Exceptions to the use of the retaliation defense by a tenant include:
- Complaints by the tenant were unreasonable in their timing or manner
- The violation of housing codes was caused by the tenant
- The tenant has defaulted on rent (unless they deposit full rent into court)
- Compliance with building codes requires the tenant to vacate
So, maintain professional decorum with even the most cantankerous renter and terminate tenancy for cause if they violate the rental agreement. Some residents struggle with developmental disabilities, attention deficit disorder, mental illness, PTSD, health issues or family dysfunction. We don’t all get the perfect renters who communicate well, obey every rule, are fully functional, and have healthy conflict resolution skills. It’s up to you to deescalate or walk away. Deal with lease violations by serving notice, not by issuing threats or ultimatums, and if you can’t do that hire someone who can.
Sometimes you not only have to handle the transition, but termination of tenancy as well. That comes with its own set of challenges as to the reason and proper service of notice, but also due to the renter’s reaction. Unless I was able to re-home a renter or they were ready to move out anyway, I never got a joyful reaction. Think about how much of a disruption it would be for you to move out of your home. Things may get hostile, or at the least the renter will be understandably upset. Be as compassionate and helpful as you can be and be prepared for some amount of anger or upset.
Keep in mind too, that about half the time the renter may experience some delay and not be able to vacate on the termination date. Yes, you can proceed to evict, but that takes time too.

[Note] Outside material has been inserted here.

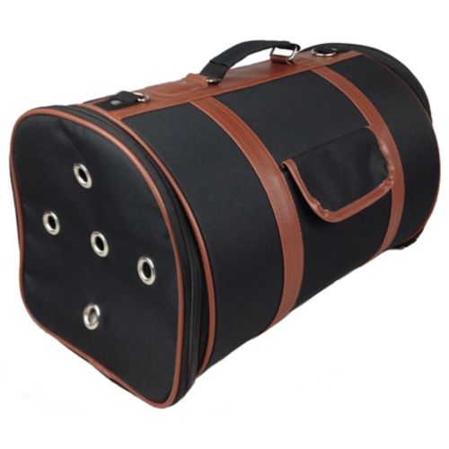 The Pet Life “Bark Avenue” Fashion Pet Carrier gives you and your dog the “executive” look and feel that you both deserve. Approved for airline travel,* this sleek pet carrier features a cylindrical design, made with heavyweight Dura-tough nylon and a high-impact, industrial plastic frame. Designed with dual side openings, mesh viewing panel, and silver accent grommets for ventilation, the Fashion Posh Pet Carrier has a side pouch with Velcro for storage, removable shoulder strap, top carry handle, built-in leash holder, as well as a removable, washable, fleece pad for maximum comfort.
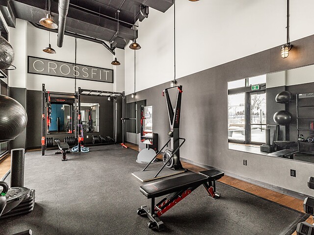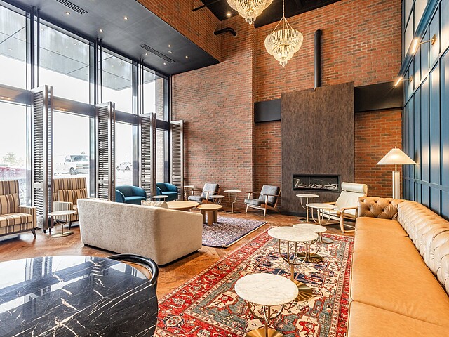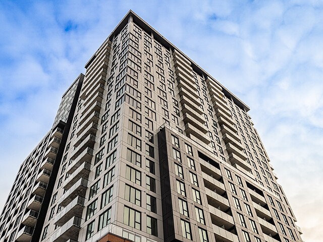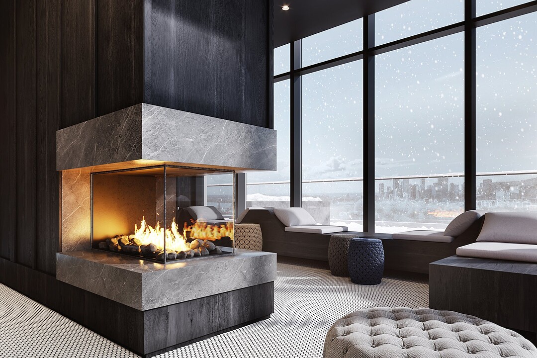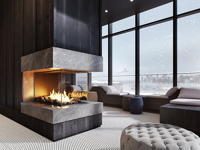 L'immeuble offre des aires communes haut de gamme incluant un lobby élégant, un gym entièrement équipé, un circuit spa avec sauna sec et vapeur, bains chaud et froid, ainsi qu'une terrasse sur le toit avec piscine extérieure, espaces lounge et BBQ, offrant des points de vue spectaculaires sur Montréal et le fleuve.

I always factor extra time into my plans, and depending on the situation, am okay with extending the move out date within reason if they will put their notice in writing to me and pay rent for the extra time. Don’t accept payment of rent on an extension without notice from the tenant or you will create waiver on your notice in accordance with ORS 90.414.
Take care with how you handle a transition with renters. Successful management is based on building relationships, and you set the tone at the first contact. Be kind but firm and you’re likely to have fewer hurdles to overcome as they get accustomed to a new way of doing things. Be prepared for some amount of obfuscation, anger or upset and always keep your cool – remember, it’s about the situation, not you personally.
Address issues of paperwork right away and cure any waiver the former manager may have created. Get in and document the condition of the unit as soon as possible and take care of any habitability issues right away. If you’re purchasing or taking over management of an occupied rental property, you may want to require the seller to correct any deficiencies in the paperwork, terminate tenancies of questionably habitable units, or remove a problem resident ahead of you assuming legal liability.
Buyers desperate for a deal and property managers hungry for clients sometimes don’t think these things through. They disregard performing their due diligence, resulting in unanticipated liabilities, legal bills, and intense stress. Sometimes a bargain is a bargain for a reason and is no bargain at all.
This column offers general suggestions only and is no substitute for professional legal advice. Please consult an attorney for advice related to your specific situation.